[What you are asked to do] Could you copy exactly the lines below, beginning at the line with "Аксессуар изготовлен из" and stopping after the line with "Wo1 Franse helm met herdenkingsplaat", with no pictures?

[Source data]

-- -- --

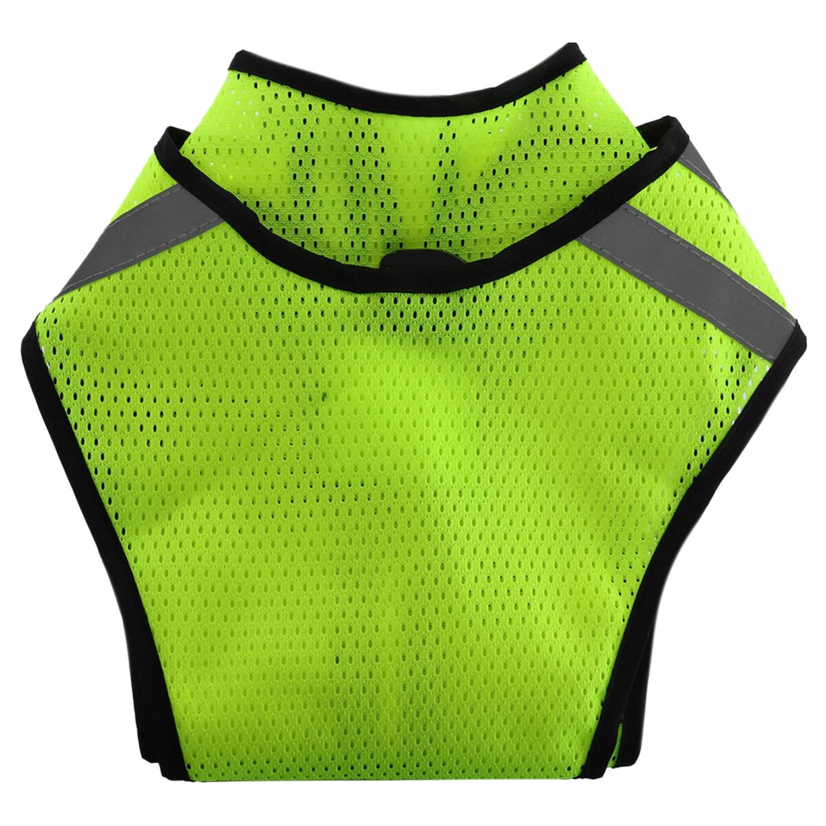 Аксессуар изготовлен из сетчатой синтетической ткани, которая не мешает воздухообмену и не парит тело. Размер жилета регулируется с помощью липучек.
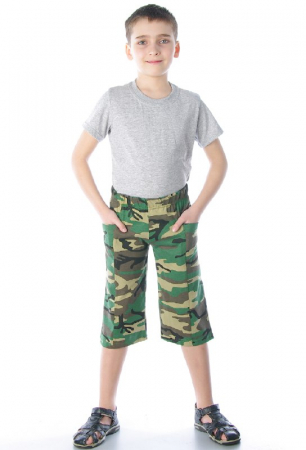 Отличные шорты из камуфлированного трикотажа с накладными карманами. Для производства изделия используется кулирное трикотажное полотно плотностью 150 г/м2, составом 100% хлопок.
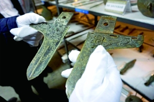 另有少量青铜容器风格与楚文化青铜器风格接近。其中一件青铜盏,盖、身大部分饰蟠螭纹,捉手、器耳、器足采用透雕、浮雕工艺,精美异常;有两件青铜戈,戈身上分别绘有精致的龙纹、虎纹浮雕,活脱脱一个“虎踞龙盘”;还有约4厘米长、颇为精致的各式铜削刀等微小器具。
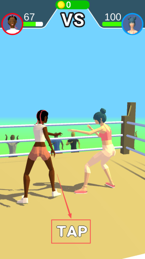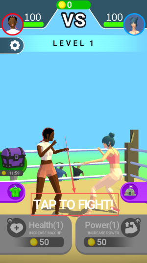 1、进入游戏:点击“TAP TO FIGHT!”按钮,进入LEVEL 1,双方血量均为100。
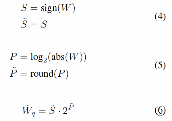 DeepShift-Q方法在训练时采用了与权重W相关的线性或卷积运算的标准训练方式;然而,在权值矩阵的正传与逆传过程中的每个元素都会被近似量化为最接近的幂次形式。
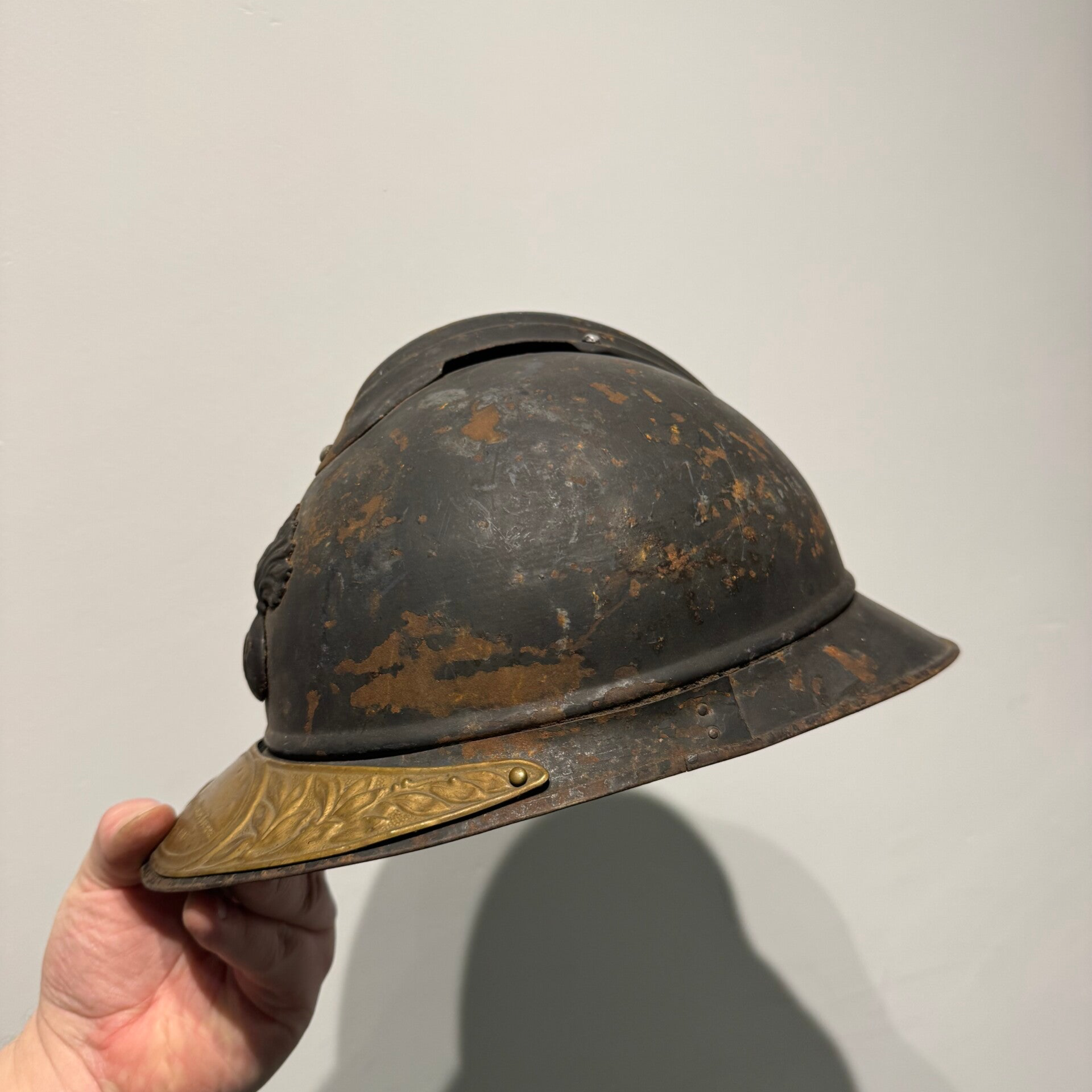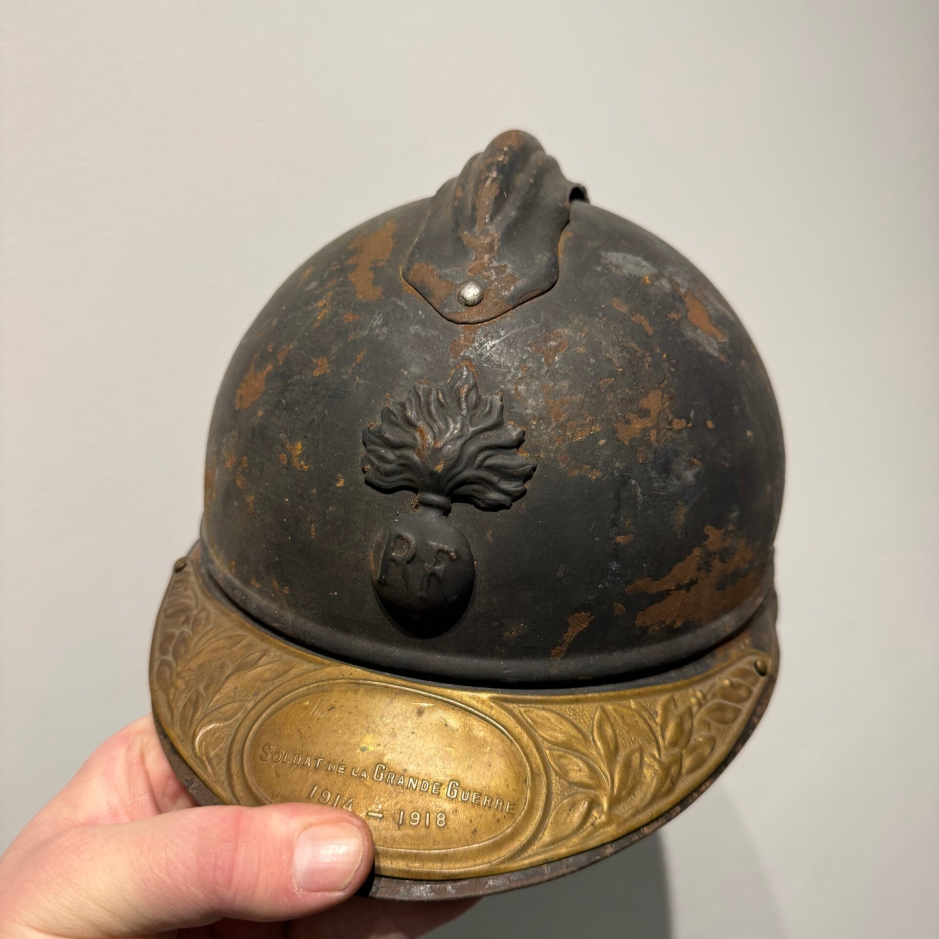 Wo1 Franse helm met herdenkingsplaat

-- -- --

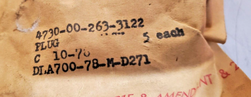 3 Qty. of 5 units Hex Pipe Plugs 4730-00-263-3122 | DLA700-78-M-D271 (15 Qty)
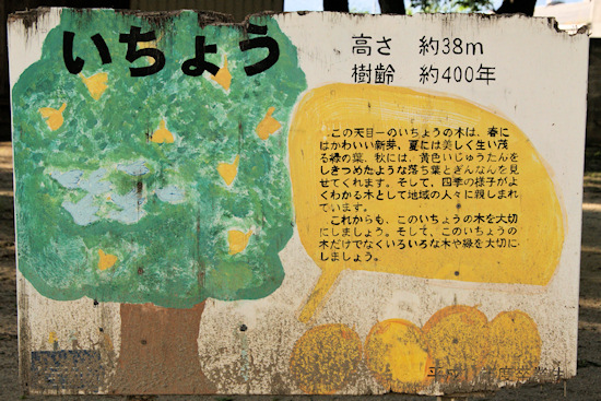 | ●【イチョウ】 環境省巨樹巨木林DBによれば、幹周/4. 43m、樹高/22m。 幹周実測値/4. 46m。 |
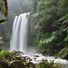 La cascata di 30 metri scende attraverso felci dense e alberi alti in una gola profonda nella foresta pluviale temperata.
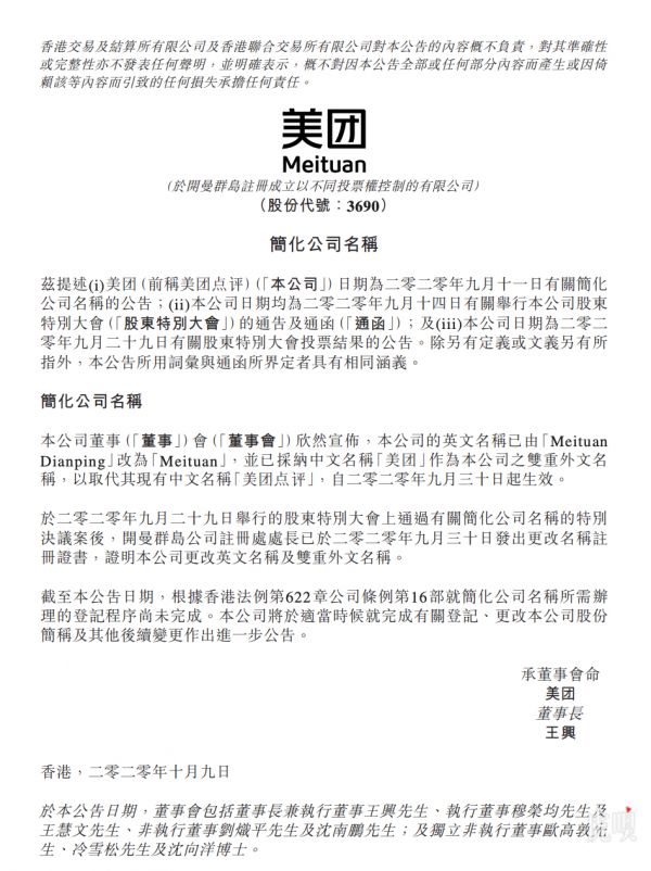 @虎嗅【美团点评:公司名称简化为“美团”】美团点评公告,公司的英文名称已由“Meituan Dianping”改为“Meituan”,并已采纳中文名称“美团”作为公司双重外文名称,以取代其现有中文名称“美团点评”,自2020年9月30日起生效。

-- -- --

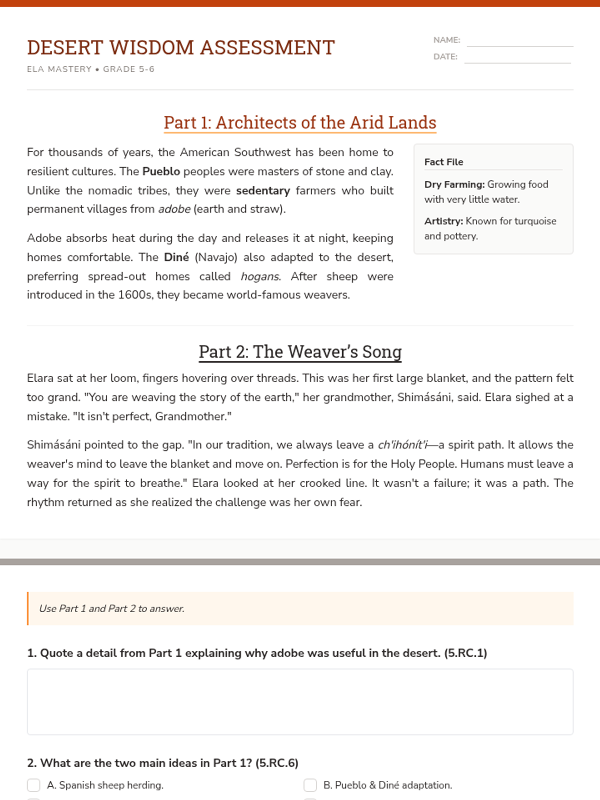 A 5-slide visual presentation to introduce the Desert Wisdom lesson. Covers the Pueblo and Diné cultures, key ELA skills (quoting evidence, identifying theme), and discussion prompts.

-- -- --

[Response to this task]
 Аксессуар изготовлен из сетчатой синтетической ткани, которая не мешает воздухообмену и не парит тело. Размер жилета регулируется с помощью липучек.
 Отличные шорты из камуфлированного трикотажа с накладными карманами. Для производства изделия используется кулирное трикотажное полотно плотностью 150 г/м2, составом 100% хлопок.
 另有少量青铜容器风格与楚文化青铜器风格接近。其中一件青铜盏,盖、身大部分饰蟠螭纹,捉手、器耳、器足采用透雕、浮雕工艺,精美异常;有两件青铜戈,戈身上分别绘有精致的龙纹、虎纹浮雕,活脱脱一个“虎踞龙盘”;还有约4厘米长、颇为精致的各式铜削刀等微小器具。
 1、进入游戏:点击“TAP TO FIGHT!”按钮,进入LEVEL 1,双方血量均为100。
 DeepShift-Q方法在训练时采用了与权重W相关的线性或卷积运算的标准训练方式;然而,在权值矩阵的正传与逆传过程中的每个元素都会被近似量化为最接近的幂次形式。
 Wo1 Franse helm met herdenkingsplaat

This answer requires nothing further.